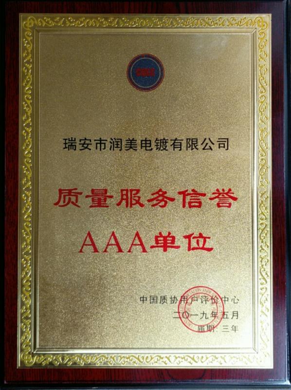 質量服務信譽AAA單位證書
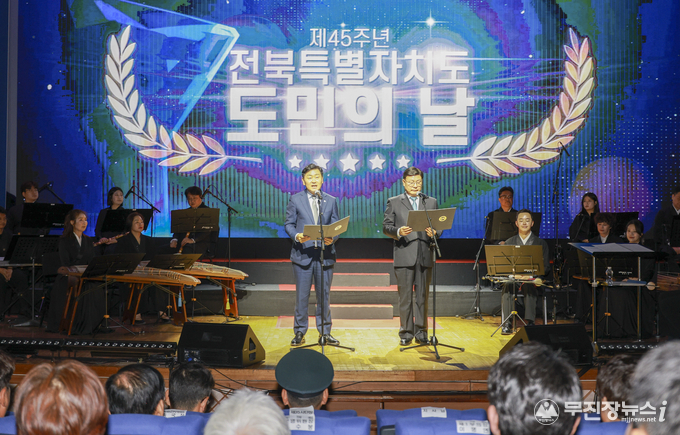 행사는 도립국악원 관현악단의 개막공연 ‘멋으로 사는 세상’으로 문을 열었다. 이어 도민헌장은 김관영 전북특별자치도지사와 문승우 전북특별자치도의회 의장이 함께 교차 낭독하며, 전북도민의 자긍심과 공동체 정신을 함께 선언했다.
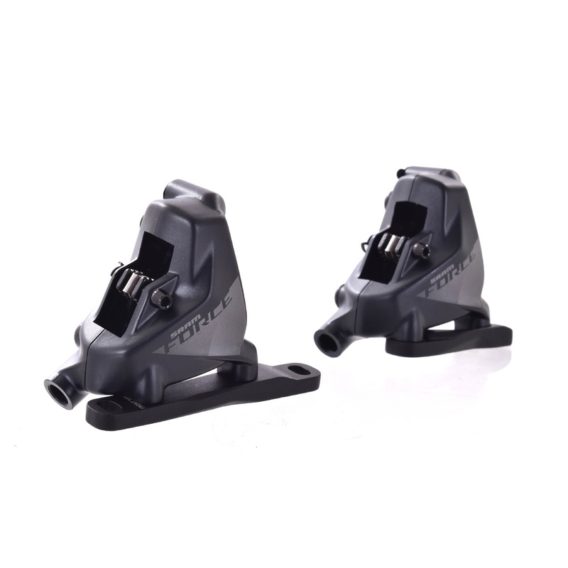 For sale is a set of NEW take off SRAM Force eTap AXS disc brake calipers. The flat mount calipers include front and rear adapters for 160mm rotors and new pads. Each came installed with a new lever that ended up mated to a different brake caliper.SPECS:ra
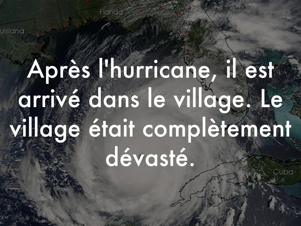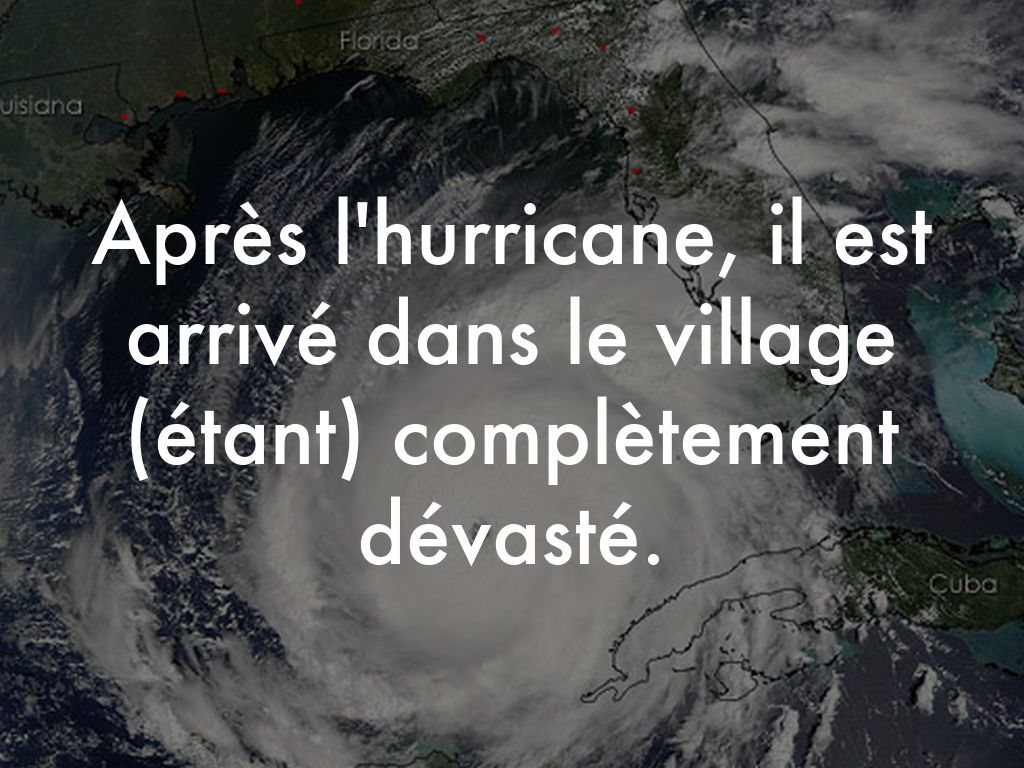 Après l'hurricane, il est arrivé dans le village (étant) complètement dévasté.
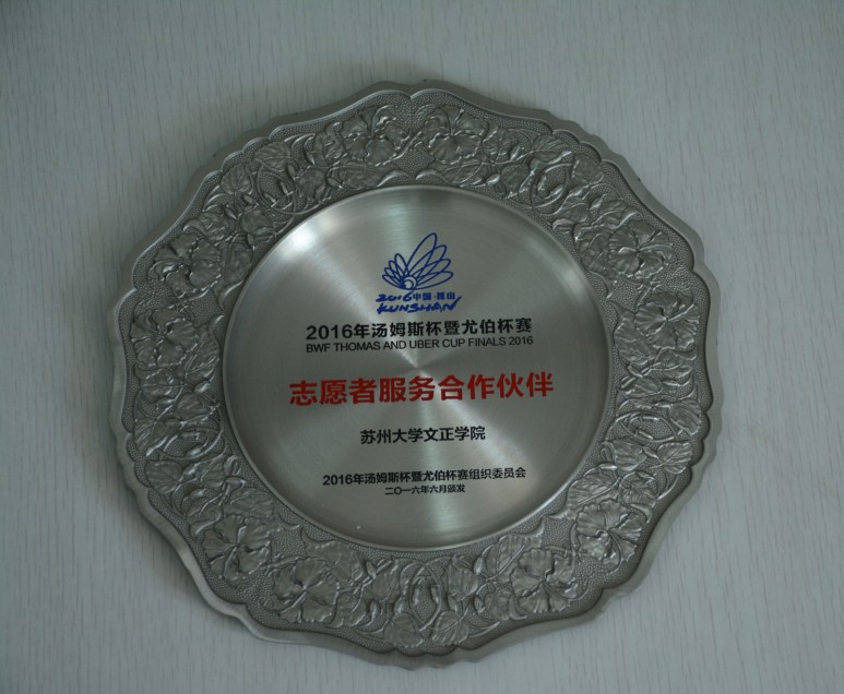 2016年道达尔·汤姆斯杯暨尤伯杯赛志愿服务合作伙伴荣誉牌匾
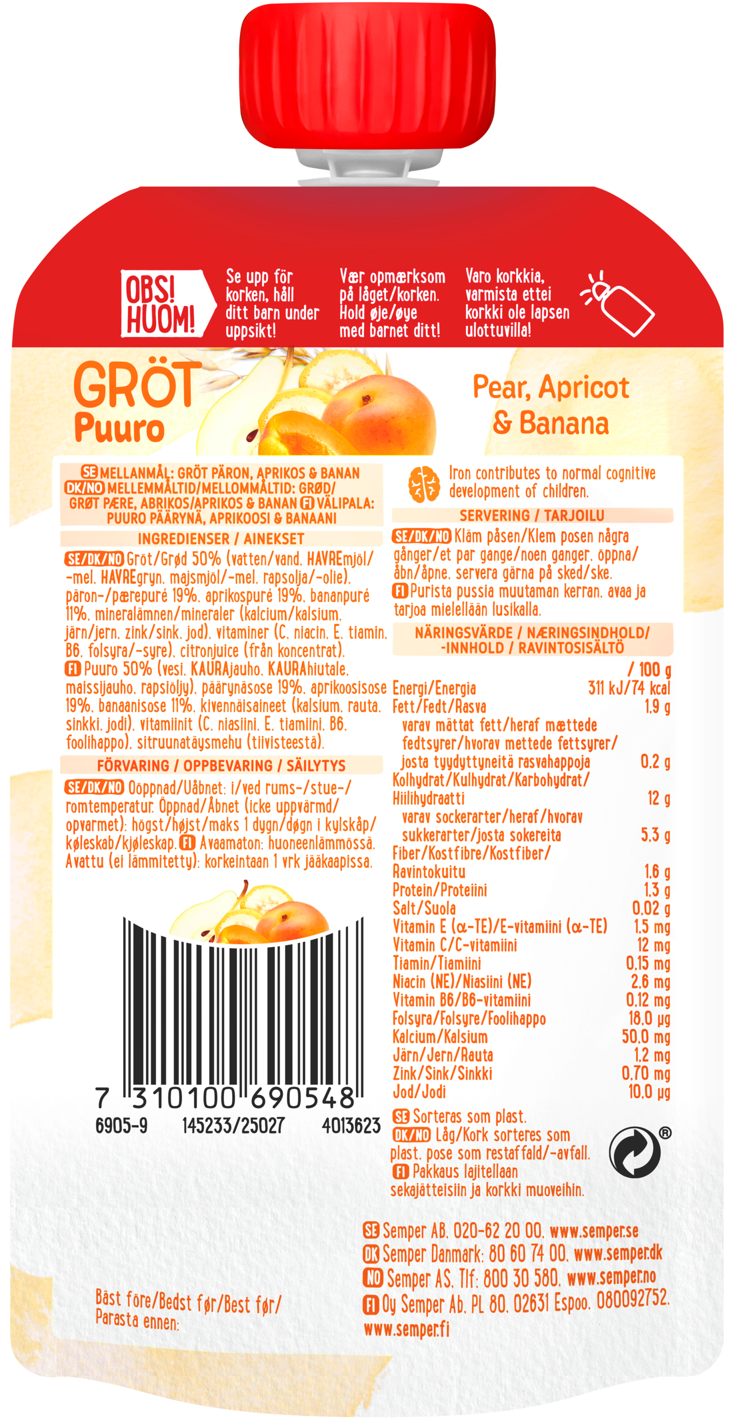 Semperin päärynää, aprikoosia ja banaania sisältävä valmispuuro on täyttävä ja herkullinen välipala lapselle. Siinä on vähintään 50 % puuroa, ja sitä on täydennetty raudalla, kalsiumilla ja C-vitamiinilla. Puuro sopii lapsille 6 kuukauden iästä alkaen. Ei lisättyä sokeria tai makeita mehutiivisteitä, sisältää vain hedelmien luontaisen sokerin. Puuroon on lisätty lapselle tärkeitä vitamiineja ja kivennäisaineita, kuten rautaa ja sinkkiä. Puuropussi on hyvä eväs retkelle tai kotona nautittavaksi. Kätevä pussukka, josta lapsi voi syödä suoraan tai josta voi helposti annostella lusikkaan. Puuro säilyy avaamattomana huoneenlämmössä. Tarjoa sellaisenaan huoneenlämpöisenä tai lautasella lämmitettynä. Kaikki Semper lastenruoka valmistetaan lastenruokalainsäädännön asettamien vaatimusten mukaisesti ilman väri-, säilöntä- tai makeutusaineita.
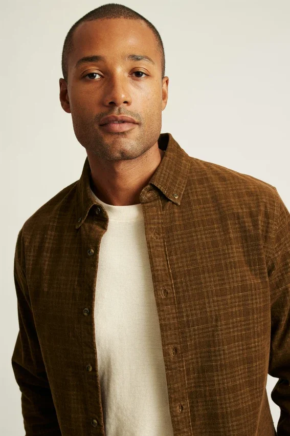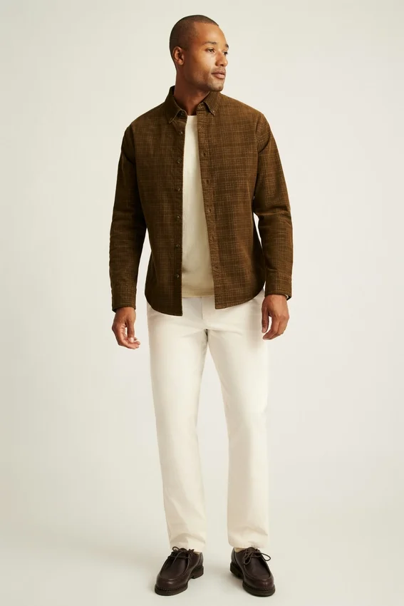 Velluto a coste morbido con un tocco di elasticità confortevole. Abbastanza caldo da indossare sopra una maglietta Henley o una t-shirt.

* * *

* [Task directions]
For this exercise, copy each line of the data above exactly, from the first through the line containing "2016年道达尔·汤姆斯杯暨尤伯杯赛志愿服务合作伙伴荣誉牌匾", and drop the pictures.

* [Solution to this task]
 質量服務信譽AAA單位證書
 행사는 도립국악원 관현악단의 개막공연 ‘멋으로 사는 세상’으로 문을 열었다. 이어 도민헌장은 김관영 전북특별자치도지사와 문승우 전북특별자치도의회 의장이 함께 교차 낭독하며, 전북도민의 자긍심과 공동체 정신을 함께 선언했다.
 For sale is a set of NEW take off SRAM Force eTap AXS disc brake calipers. The flat mount calipers include front and rear adapters for 160mm rotors and new pads. Each came installed with a new lever that ended up mated to a different brake caliper.SPECS:ra
 Après l'hurricane, il est arrivé dans le village (étant) complètement dévasté.
 2016年道达尔·汤姆斯杯暨尤伯杯赛志愿服务合作伙伴荣誉牌匾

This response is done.